As someone who experienced intense perimenopause symptoms that initially went undiagnosed, Milano believed in this project and wanted to help bring it to fruition. “This is really the first generation of women entering perimenopause with strong public voices, with economic power and with creative authority,” she told AARP recently in a virtual interview. “We’re far less willing to disappear quietly.” It was Milano’s third collaboration with the filmmakers (previous projects included the 2022 documentary Surviving Sex Trafficking and 2023’s For the Animals: A Dogumentary).
Here, she shares why this docuseries is so vital, and how she is thriving as a postmenopausal woman. “I have never in my life felt as powerful as I do right now,” she says.

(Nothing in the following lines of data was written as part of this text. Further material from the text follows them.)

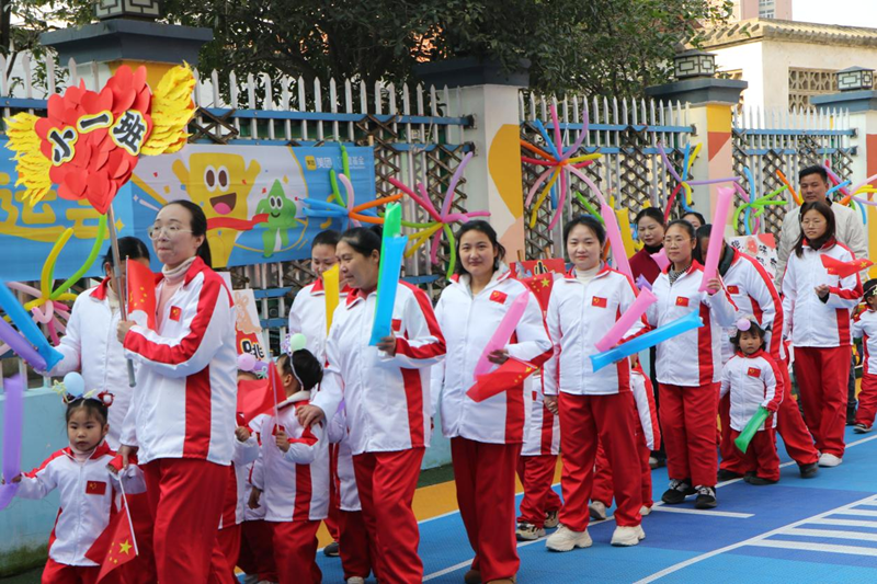 伴随着激昂的进行曲,运动会正式拉开帷幕。国旗护卫队的小队员们昂首挺胸、步伐坚定,守护着鲜艳的五星红旗率先入场,稚嫩的脸庞上洋溢着庄重与自豪。紧随其后的是各班家长幼儿方阵,孩子们牵着家长的手,精神抖擞地喊响班级口号,整齐的队伍成为操场上一道亮丽的风景线;热情洋溢的啦啦队挥舞着花球,用清脆的呐喊和欢快的舞姿,瞬间点燃全场热烈氛围。
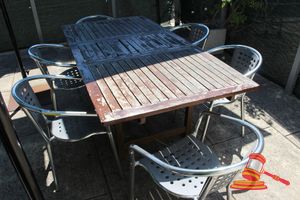 7 PIECE OUTDOOR DINING SET WITH ADJUSTABLE TABLE, 2000mm L x 1000mm W TO 1500mm L x 1000mm W
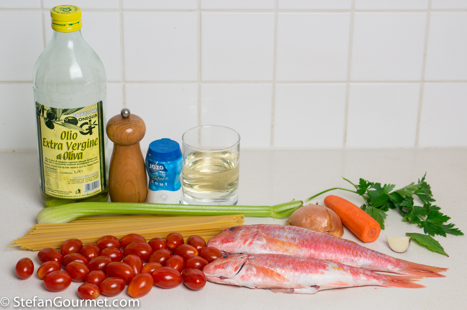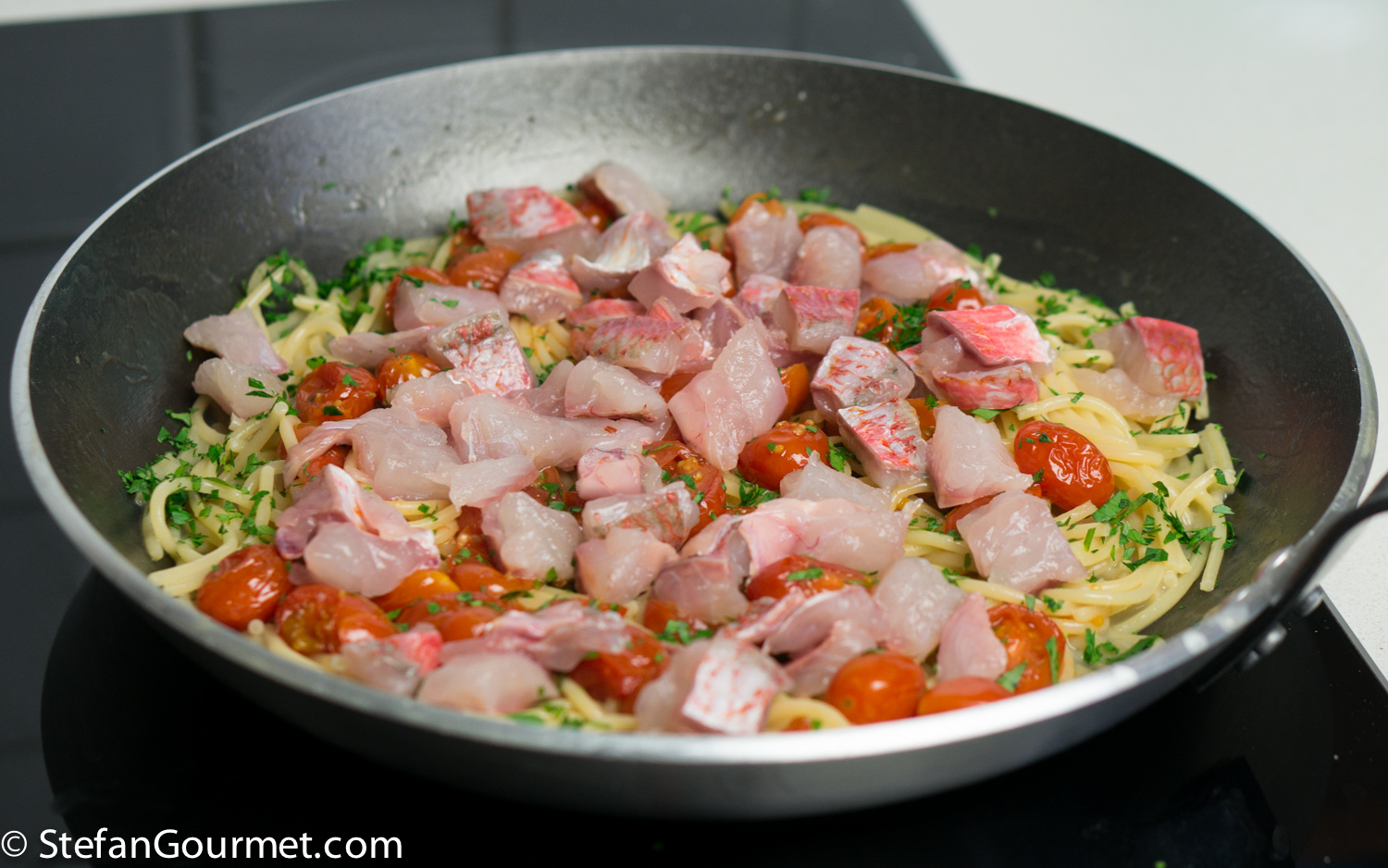 This photo shows what happened: the spaghetti broke up into short pieces. When I made the dish for the second time, I corrected my mistakes and used a better pan with great heat distribution, more stock in the beginning, and more gentle stirring. If you use enough stock and stir gently often enough, non-stick is not needed. I did not take photos of all the steps again, so for this post I ended up combining photos from the two sessions. That is what’s “fishy” about this post, other than the use of red mullet.
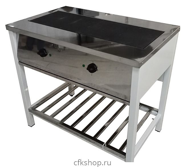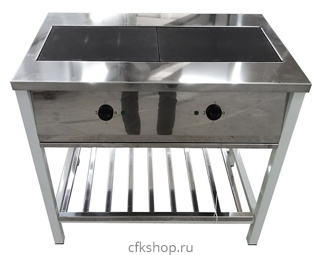 Электрическая плита ЦМИ ПЭ-2 используется на предприятиях общественного питания и торговли для приготовления первых, вторых и третьих блюд в наплитной посуде, а также для жарки полуфабрикатов из мяса, рыбы, овощей. Рабочая поверхность, фронтальная панель и полка-решетка изготовлены из нержавеющей стали, ножки - из профильной трубы.

An urgent need for visibility
Perimenopause typically lasts four to seven years (though it can go up to 14), and the average age of menopause in the United States is 51 to 52 years old. Menopause is defined as the day when it has been a year since a woman’s last period. After that, she is considered to be postmenopausal.
This phase represents a significant change that can bring on symptoms including but not limited to longer or heavier periods of bleeding, anxiety, depression, weight gain, changes in sexual desire, insomnia, hot flashes, night sweats, muscle aches and more. Still, according to many women interviewed in Balance, rather than being offered medical help when seeking treatment, they were told that those symptoms were simply a normal part of the aging process.